– Ах, ты ж, дрянь революционная! – глава охранного отделения с хрустом выдернул шнур. Более пяти минут мы провели в тяжелом молчании. Кем был этот человек из радио? Почему его голос звучал так властно и, боже мой, правильно? Почему здесь? Почему сейчас? Почему у нас? Господин Сильвин с удовлетворением разглядывал мои дрожащие руки. – Так о чем мы с вами беседовали, Килвин?
– О беспорядках, господин.
– Да-да. И вот тому прямое доказательство. Полюбуйтесь! – он треснул приёмник и тот зазвенел. – Западная зараза добралась и до нас. Чёртов князь, – устало выругался господин Лесной. Незнакомое слово тяжелым камнем застыло в гортани. Я знал, что на зиму планируется нечто ужасное, и знал, что причиной тому стала какая-то невообразимо далёкая западная смута, но ни о каком Чёрном, или как его там величают, князе я в жизни не слышал, а в политической географии я был очень даже силён. – Они и впрямь собрались идти на Брумвальд! Ну не смешно ли?
– Смешно, – я согласился.
– А что ж вы тогда не смеётесь? Полно, Килвин, вы ж слепы, как крот, – он усмехнулся. Я действительно ни черта не знал, но только потому, что… потому, что мне не положено, – как ваша подружка Веда, – продолжал ехидничать господин Лесной. Может и славно, что меня не взяли в это отделение? – Ну, ничего, ничего. Звёзд много, на всех хватит, – так говорили в приютах, так утешали калек и придурков. Господин Сильвин Лесной счастливо улыбнулся, и тотчас сделался похож на усатого борова.
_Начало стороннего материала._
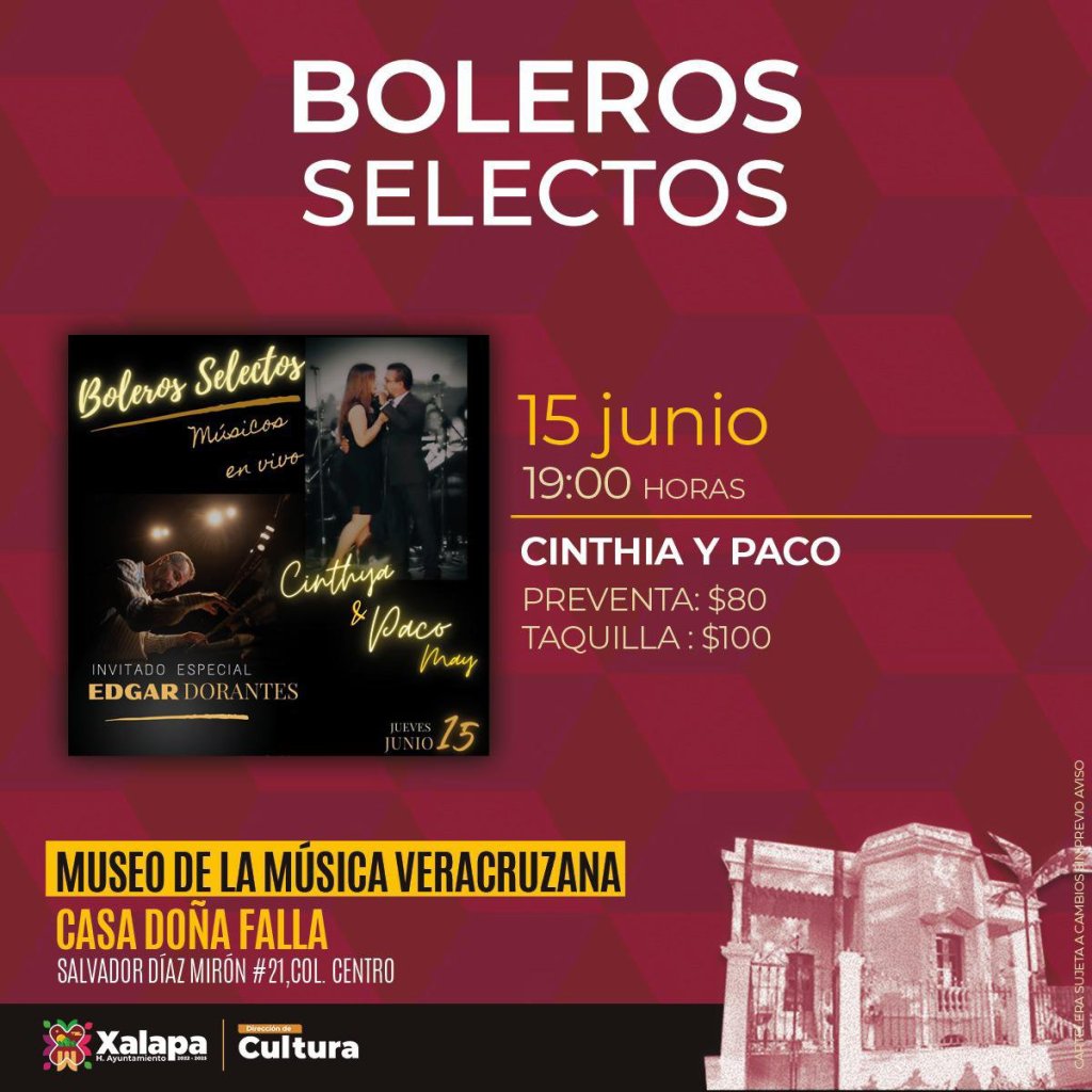 El 15 de junio a las 17:00 horas, el Grupo Tropical La Luna estará en las “Tardes de Xallitic”; a las 19:00 horas, la Banda Sinfónica del Gobierno del Estado presentará un espectáculo musical de mambos y danzones en el Auditorio del IMAC, y a la misma misma hora, pero en el Centro Recreativo Xalapeño, se proyectará el largometraje “Aya de Yopougon” como parte del Ciclo de Cine Africano; y en la Casa Doña Falla Cinthia y Paco interpretarán una sesión de “Boleros Selectos”.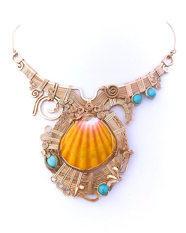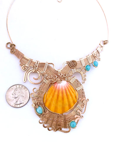 Hawaiian Sunrise shell with Larimar stone in 14kt goldfield.

– И Галвину? – ляпнул я, не подумав.
– И Галвину, – он одобрительно кивнул. – Ваш брат не такой уж плохой человек, коим все мы, – о, как он выделил это «мы»! Пару раз кулаком по зубам за такое проехать. – его считаем.
– Да что вы?
– Да-да. Вы, верно, редко видитесь с братом, я прав? Раза два в месяц, реже? Чаще? А сколько? а когда?
– Моё дело, – повышение мне сегодня явно не светит.
– Ваше, ваше, разумеется. И всё же? – он задумчиво наклонил голову. – Неужели за все годы вы не заметили, как он несчастен. Да, да. Наш маленький бог, повелитель темной магии, новый хм… Виррин Од, так сказать, всего-навсего жертва собственных печалей. Вы любите собак, Килвин?
– Что? – был бы дамой, обомлел. – Каких собак?
– Таких собак, обыкновенных, – обрадовался господин Морской. – Кусачих шавок из подворотни? Так любите? – Я решительно не понимал, что происходит. Не любите, значится. Никто их не любит и по делам! Рычат, скалятся – мерзость, истинная мерзость. А знаете, почему, отчего, эти твари так неприятны?
Мне было бы страшно, нет, мне страшно.
– От голода.
– Боже мой, Килвин! А вы умны, я посмотрю. Жалко, брата упустили, недолюбили мальчика. Кем бы он стал! Кем мог бы он стать… Уберите его, Килвин, пока не поздно. Один выстрел без боли, допросов и страха. Вы же догадались,
– Революция, – мой голос отразился глухим стоном, погас. Господин боров ухмыльнулся, но не ответил.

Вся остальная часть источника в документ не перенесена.